PhRMA submitted comments expressing its opposition to the proposed rule. See Compl.
¶ 42. The association noted that it is “a voluntary, non-profit organization representing the
country’s leading research-based pharmaceutical and biotechnology companies,” and that the
proposed rule “could potentially reduce the availability of patient assistance, which could, in turn,
inhibit the ability of patients to pay their out-of-pocket costs.” Id. Several of PhRMA’s members
submitted comments agreeing with the association’s views and voicing opposition to the proposed
rule.1
After reviewing the public comments, HHS adopted its proposal in a final rule published
in December 2020. See Revising Medicaid Drug Rebate and Third Party Liability (TPL)
Requirements, 85 Fed. Reg. 87,000 (Dec. 31, 2020). The agency noted that the comments from
drug manufacturers spanned an array of concerns, including (1) the rule’s impact on patients, (2)

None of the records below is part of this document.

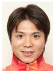
阿部 一二三 (あべ ひふみ) 男 ABE Hifumi/M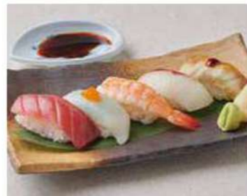
1501 にぎり寿司5貫 1,100円(税込1,210円)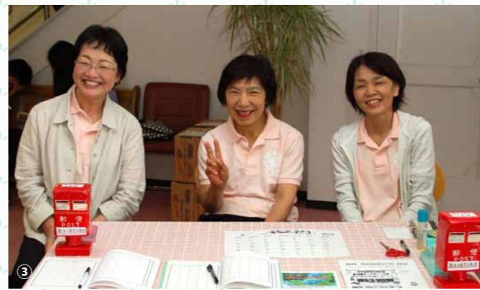
①チャリティーバザーのスタッフたち ②たくさんの人々が詰めかけたバザー会場 ③来場者を笑顔で迎えた受付スタッフ

6月4～5日の2日間にわたって、愛媛教区松山家庭教会で熊本地震の被災地支援のためのチャリティーバザーが開催されました。バザーは今回で18回目。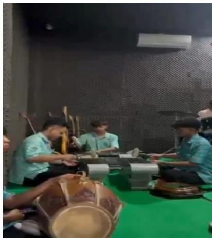
Gambar 1. Pembelajaran dengan metode Etnopedagogi di MAN 2 Magelang

Kearifan lokal merupakan pedoman dan berbagai aktivitas kognitif yang diaplikasikan sebagai suatu strategi dalam menyikapi problematika ataupun langkah pemenuhan kebutuhan bermasyarakat lokal. (Njatrijani, 2018, p. 17) menjelaskan bahwa, kearifan lokal atau local wisdom terdiri dari dua suku kata, yakni kearifan atau kebijaksanaan ( wisdom ) dan lokal atau tradisional ( local ) dapat diartikan sebagai ruang tempat yang terbatas sehingga dapat dimaknai sebagai penyikapan atau kebijaksanaan, pengetahuan dan kecerdasan setempat. Konteks budaya sebagai kearifan lokal yang memberikan kontribusi dalam bentuk inovasi dan keterampilan yang ditujukan untuk pengembangan potensi suatu kelompok individu. Berikut ini merupakan ilustrasi proses pembelajaran dengan metode etnopedagogi di MAN 2 Magelang;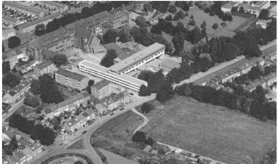
Het complex, net na voltooiing

Waarom was uitbreiding van de hogeschool nodig? Dat had alles te maken met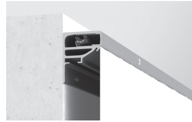
Aufsatzprofil Wandmontage (Bautiefe 50 mm)

EPS.LUMI GRIP eignet sich gerade für Anwendungen in schwer zugänglichen Bereichen oder bei besonderen Anwendungen wie z.B. Nischen oder auch für Lichtdecken.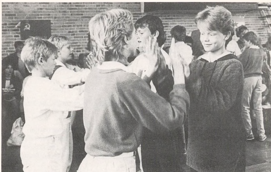
Skolemusikdagen blev en travl og festlig dag.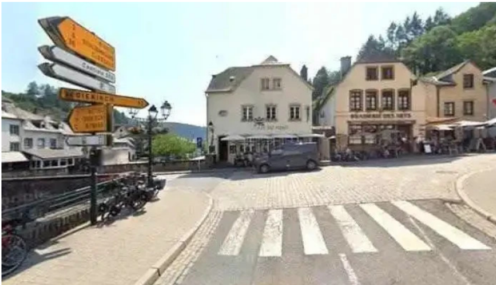
Tourist information vianden street view 360deg fotos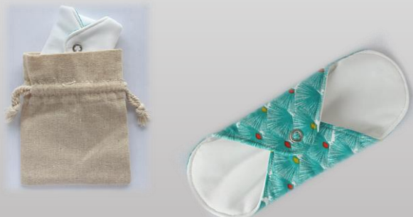
Fabrication locale de 600 protections lavables et leurs petits sacs.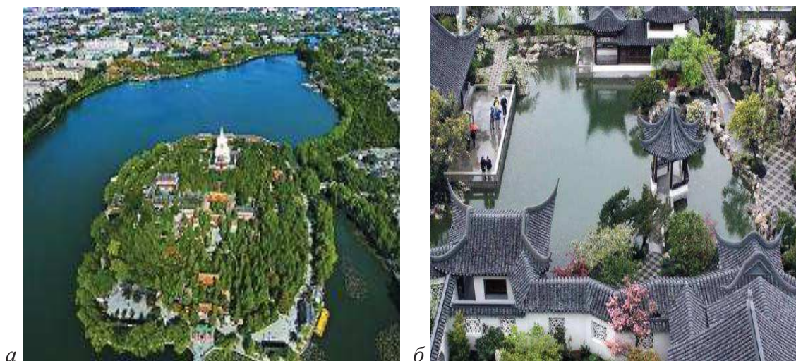
a – территория острова Цюнхуа (парк Бэйхай, г. Пекин); б – традиционный сад в г. Сучжоу

во внутреннее архитектурное пространство комплекса, когда объемные сооружения – павильоны, галереи и переходы группируются вокруг пространства декоративного бассейна или ручья (рисунок 1).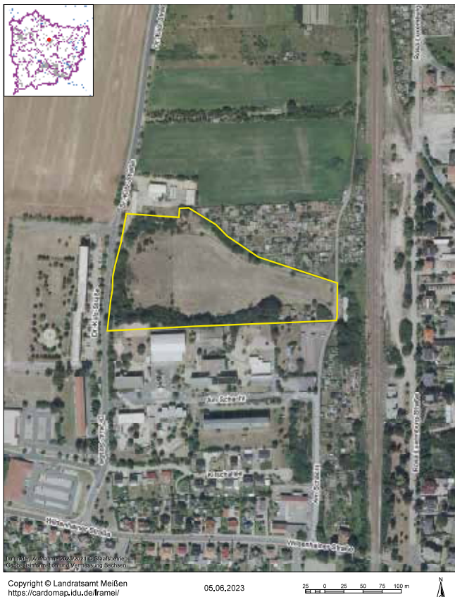
Grafik: Geoportal des Landkreises Meißen

Seit 2012 gibt es in Großenhain einen Hundefreilaufplatz. Dieser befindet sich nahe der Straße „Am Schacht“ im westlichen Stadtgebiet von Großenhain (Lageplan). Auf diesem frei zugänglichen Platz können Vierbeiner ohne Leine nach Lust und Laune mit ihren Frauchen und Herrchen flitzen und toben. Hier finden sich außerdem hundefreundliche Sportgeräte (Foto).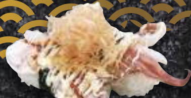
げそマヨ握り 237円(税込260円)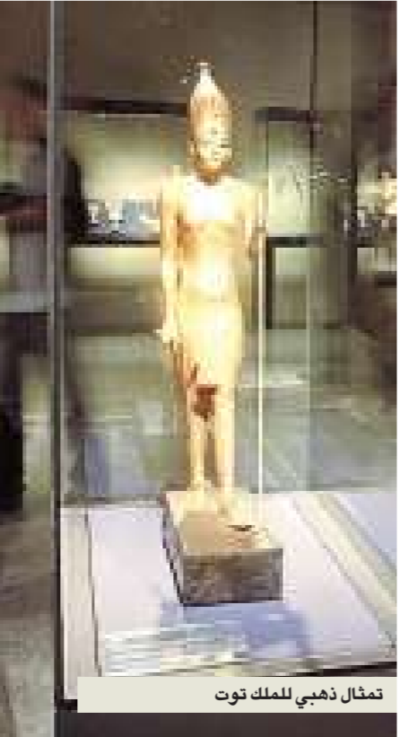
تماثيل ذهبي للملك توت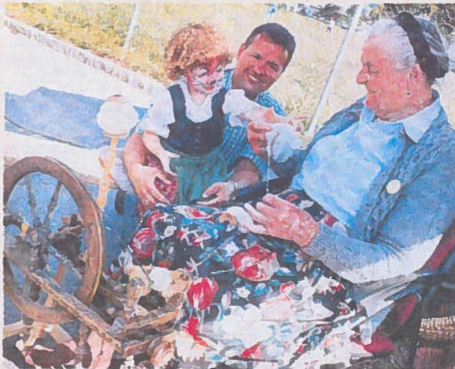
Das Spinnrad kennen die meisten Kinder nur mehr aus dem Märchen.

Die „Pinzgau Milch“ lud zur großen Feier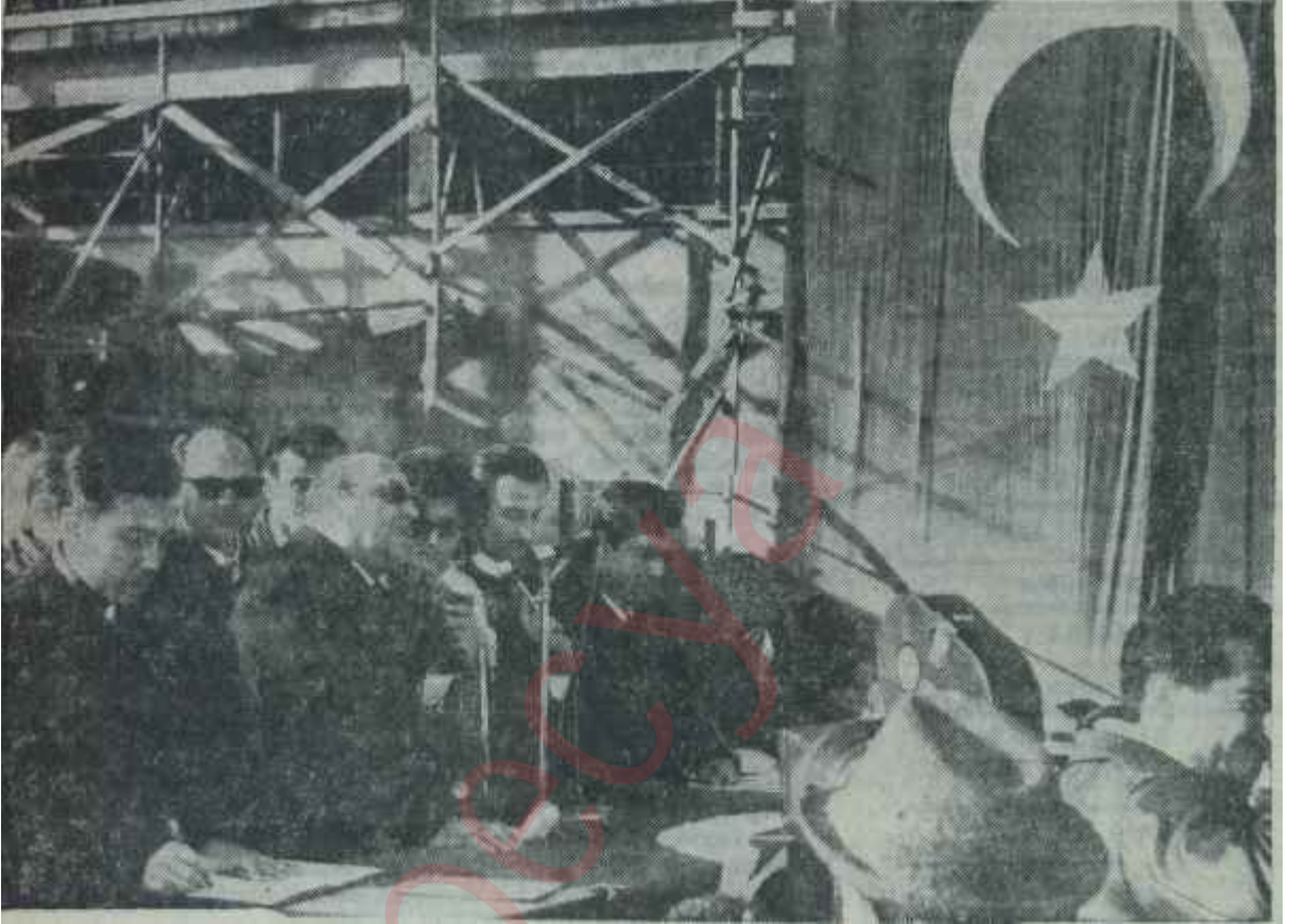
Süleyman Demirel Ambarlı Santralını açıyor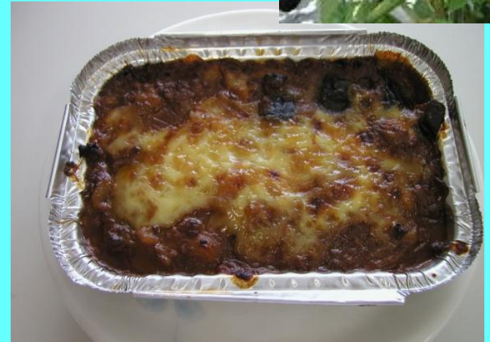
▲献立 なすのムサカ風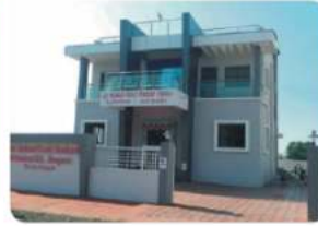
Branch - HARUGERI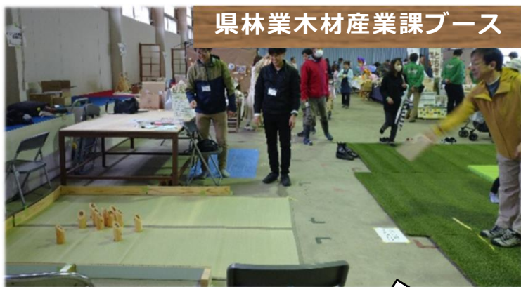
県林業木材産業課ブース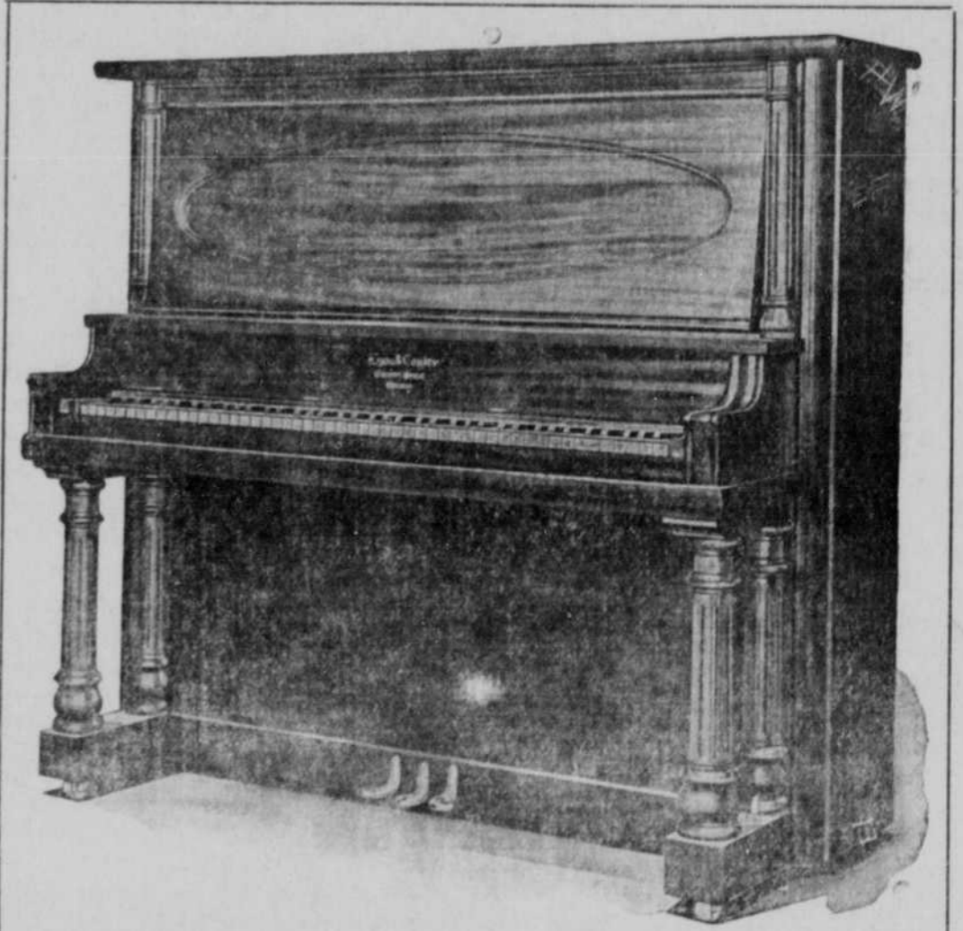
Zweiter Preis, $250 Wagner Piano.

Wer wird gewinnen? Sie oder jemand Anders?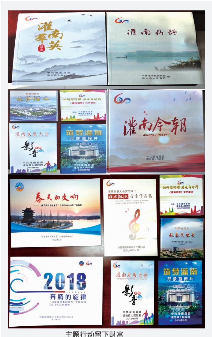
主题行动留下财富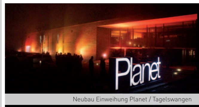
Neubau Einweihung Planet / Tagelswangen

Baumer Electric Clariden Bank Leu CSI Zürich Eternit Niederurnen Eternit Payern Kantonspolizei Zürich Phonak Planet GDZ Schweizerische Nationalbank Stadt Uster Sun Microsystems Public Viewing Euro 08 und weitere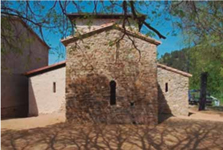
L'església el 2010.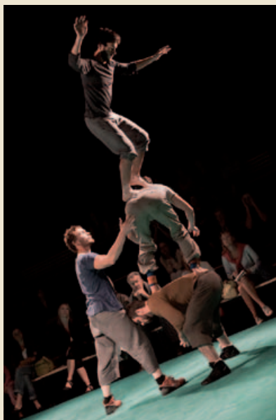
Face Nord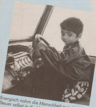
Energisch nahm die Menschheit nun das Steuer selbst in die Hand.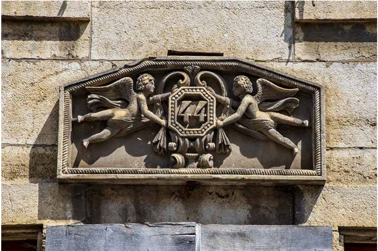
Cartouche en bas-relief.

the agency’s legal authority to enact the rule, (3) mechanisms to assist manufacturers with
compliance with the rule, (4) the viability of manufacturer assistance programs on an ongoing
basis, and (5) the affect of the rule on other programs. Id. at 87049. In addition to addressing
those concerns, the agency also explained that it would delay the rule’s launch date until January
1
Amgen, for instance, voiced its opposition to the “proposed modifications to the regulatory exclusions of
manufacturer-sponsored co-payment assistance programs . . . because the proposal would harm patients, is based on
incorrect factual assumptions, has no basis in the [] statute, and could not be operationalized by manufacturers even if
finalized.” Administrative Record (“AR”), ECF No. 19-1 at 9169. Bristol-Myers Squibb likewise commented that it
opposed the “proposal to require manufacturers to include in their calculation of Best Price assistance provided to
patients unless they can ‘ensure’ that the full value of this assistance goes solely to patients” in part because the
“proposal would discourage manufacturers from providing patient assistance, to the detriment of patients.” AR at
35289. And Eli Lilly noted its position that the proposed rule would prove “harmful to patients, could inhibit
participation in [Medicaid programs], and is incompatible with the Medicaid statute.” AR at 43419. The company
further remarked that it did “not believe that subsequent attempts by others in the payment and supply chain to
effectively ‘steal’ [] benefits from patients should somehow render those patient benefits constructive price
concessions.” Id.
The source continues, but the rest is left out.